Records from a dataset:

*-*-*

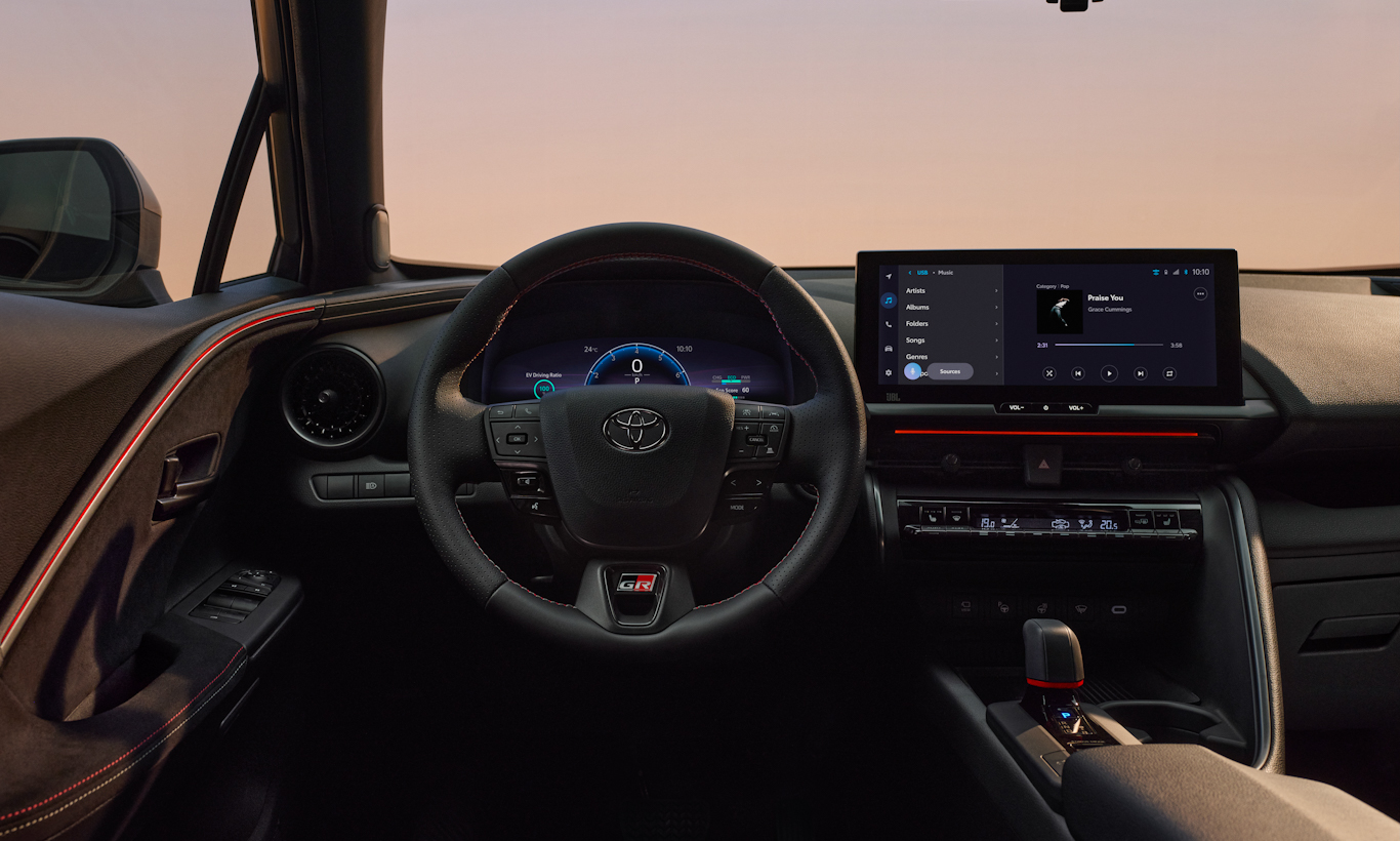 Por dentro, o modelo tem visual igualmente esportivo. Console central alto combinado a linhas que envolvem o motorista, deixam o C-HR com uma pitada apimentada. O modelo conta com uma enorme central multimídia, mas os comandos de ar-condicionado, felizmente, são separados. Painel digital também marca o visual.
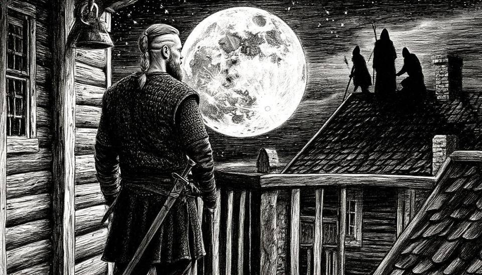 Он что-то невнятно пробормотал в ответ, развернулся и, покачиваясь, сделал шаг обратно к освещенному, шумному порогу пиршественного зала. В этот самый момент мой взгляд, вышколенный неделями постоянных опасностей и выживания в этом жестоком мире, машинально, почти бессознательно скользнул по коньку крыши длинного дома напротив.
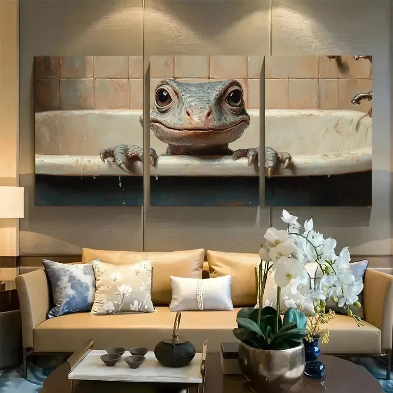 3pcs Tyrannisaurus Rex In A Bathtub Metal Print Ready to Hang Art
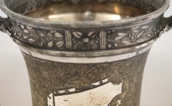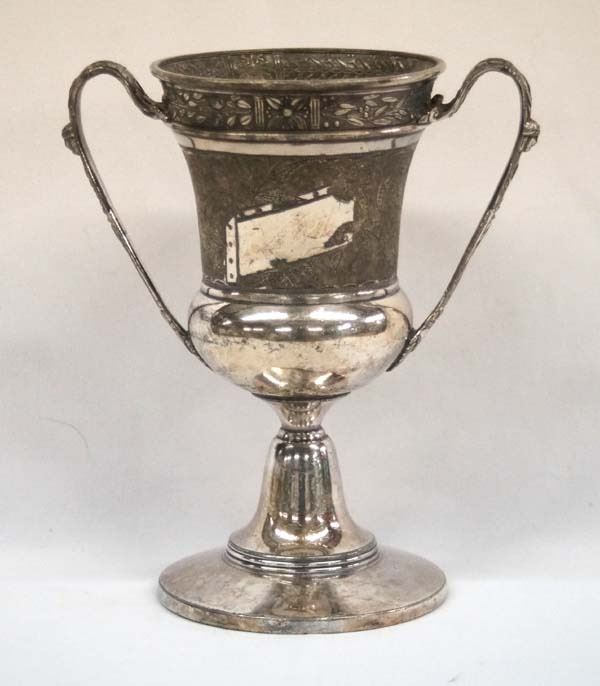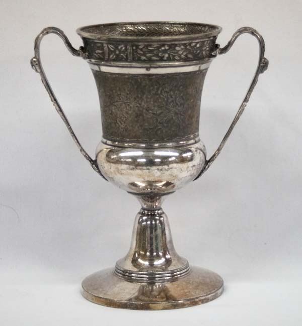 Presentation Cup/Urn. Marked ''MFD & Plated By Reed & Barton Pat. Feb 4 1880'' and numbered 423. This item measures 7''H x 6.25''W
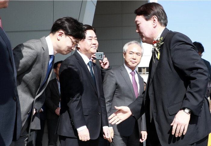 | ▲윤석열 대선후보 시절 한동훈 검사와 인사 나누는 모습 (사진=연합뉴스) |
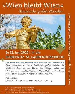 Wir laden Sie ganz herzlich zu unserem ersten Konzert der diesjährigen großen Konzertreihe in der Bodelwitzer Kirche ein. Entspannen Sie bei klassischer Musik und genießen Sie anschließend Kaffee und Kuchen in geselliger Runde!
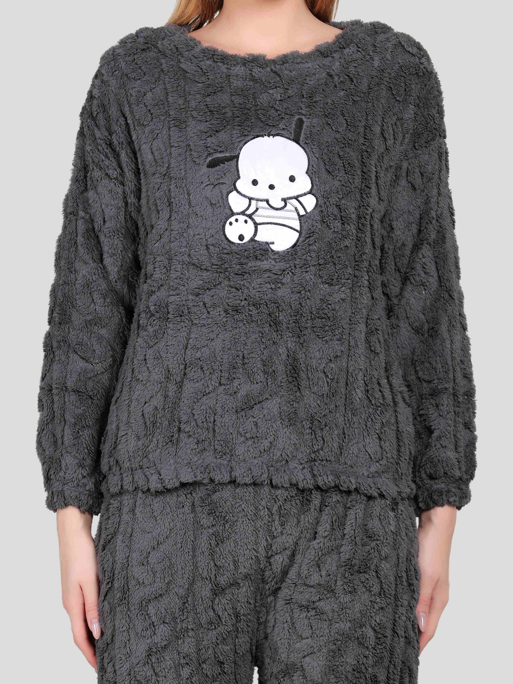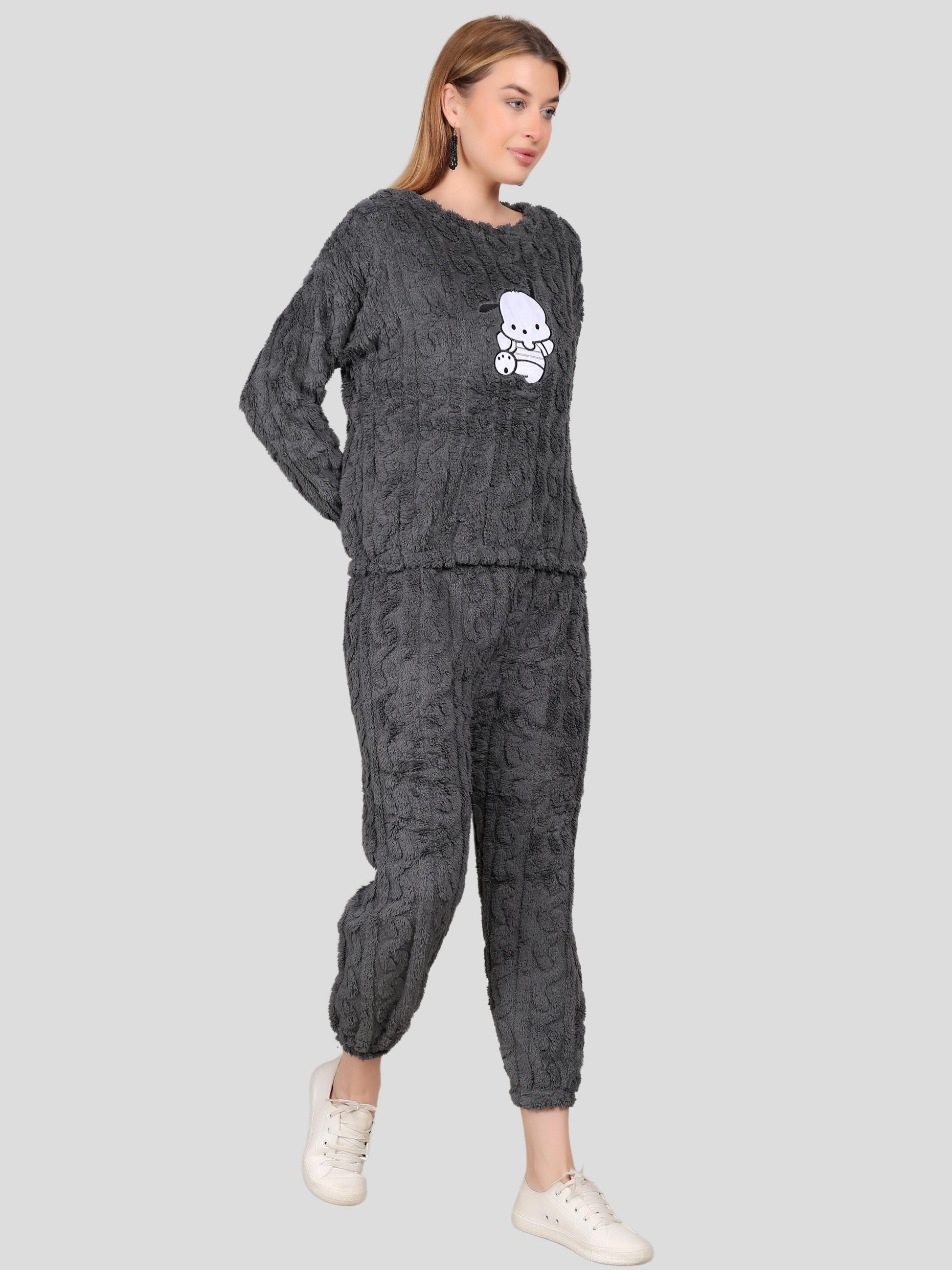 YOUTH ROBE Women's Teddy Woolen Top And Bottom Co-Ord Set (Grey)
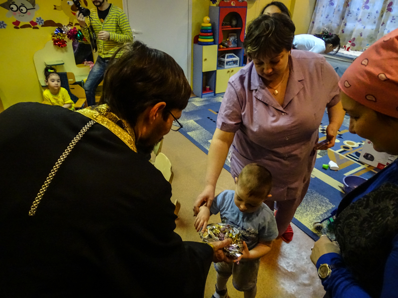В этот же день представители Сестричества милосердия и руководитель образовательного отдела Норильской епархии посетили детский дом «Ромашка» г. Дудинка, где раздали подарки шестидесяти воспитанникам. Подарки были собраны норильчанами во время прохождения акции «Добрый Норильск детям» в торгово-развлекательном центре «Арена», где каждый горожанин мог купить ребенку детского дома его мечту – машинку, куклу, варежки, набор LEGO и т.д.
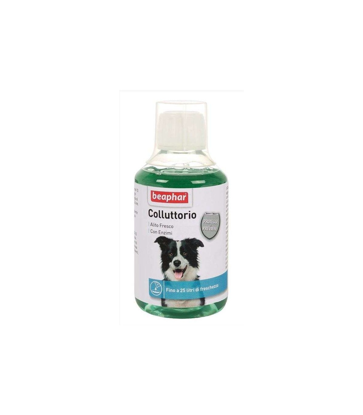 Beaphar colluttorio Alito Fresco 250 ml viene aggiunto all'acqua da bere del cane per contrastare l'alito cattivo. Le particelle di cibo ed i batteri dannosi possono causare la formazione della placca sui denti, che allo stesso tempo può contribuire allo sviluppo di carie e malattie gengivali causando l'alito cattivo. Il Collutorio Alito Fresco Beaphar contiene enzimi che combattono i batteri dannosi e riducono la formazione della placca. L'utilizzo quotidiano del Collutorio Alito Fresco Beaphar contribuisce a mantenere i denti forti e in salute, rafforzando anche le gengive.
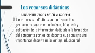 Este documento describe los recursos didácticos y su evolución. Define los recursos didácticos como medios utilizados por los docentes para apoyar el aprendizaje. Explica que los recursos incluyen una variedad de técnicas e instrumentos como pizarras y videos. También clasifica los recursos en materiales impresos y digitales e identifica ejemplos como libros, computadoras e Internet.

*-*-*

Work order = Output each record exactly as it appears, but not the pictures.

The answer =
 Por dentro, o modelo tem visual igualmente esportivo. Console central alto combinado a linhas que envolvem o motorista, deixam o C-HR com uma pitada apimentada. O modelo conta com uma enorme central multimídia, mas os comandos de ar-condicionado, felizmente, são separados. Painel digital também marca o visual.
 Он что-то невнятно пробормотал в ответ, развернулся и, покачиваясь, сделал шаг обратно к освещенному, шумному порогу пиршественного зала. В этот самый момент мой взгляд, вышколенный неделями постоянных опасностей и выживания в этом жестоком мире, машинально, почти бессознательно скользнул по коньку крыши длинного дома напротив.
 3pcs Tyrannisaurus Rex In A Bathtub Metal Print Ready to Hang Art
 Presentation Cup/Urn. Marked ''MFD & Plated By Reed & Barton Pat. Feb 4 1880'' and numbered 423. This item measures 7''H x 6.25''W
 | ▲윤석열 대선후보 시절 한동훈 검사와 인사 나누는 모습 (사진=연합뉴스) |
 Wir laden Sie ganz herzlich zu unserem ersten Konzert der diesjährigen großen Konzertreihe in der Bodelwitzer Kirche ein. Entspannen Sie bei klassischer Musik und genießen Sie anschließend Kaffee und Kuchen in geselliger Runde!
 YOUTH ROBE Women's Teddy Woolen Top And Bottom Co-Ord Set (Grey)
В этот же день представители Сестричества милосердия и руководитель образовательного отдела Норильской епархии посетили детский дом «Ромашка» г. Дудинка, где раздали подарки шестидесяти воспитанникам. Подарки были собраны норильчанами во время прохождения акции «Добрый Норильск детям» в торгово-развлекательном центре «Арена», где каждый горожанин мог купить ребенку детского дома его мечту – машинку, куклу, варежки, набор LEGO и т.д.
 Beaphar colluttorio Alito Fresco 250 ml viene aggiunto all'acqua da bere del cane per contrastare l'alito cattivo. Le particelle di cibo ed i batteri dannosi possono causare la formazione della placca sui denti, che allo stesso tempo può contribuire allo sviluppo di carie e malattie gengivali causando l'alito cattivo. Il Collutorio Alito Fresco Beaphar contiene enzimi che combattono i batteri dannosi e riducono la formazione della placca. L'utilizzo quotidiano del Collutorio Alito Fresco Beaphar contribuisce a mantenere i denti forti e in salute, rafforzando anche le gengive.
 Este documento describe los recursos didácticos y su evolución. Define los recursos didácticos como medios utilizados por los docentes para apoyar el aprendizaje. Explica que los recursos incluyen una variedad de técnicas e instrumentos como pizarras y videos. También clasifica los recursos en materiales impresos y digitales e identifica ejemplos como libros, computadoras e Internet.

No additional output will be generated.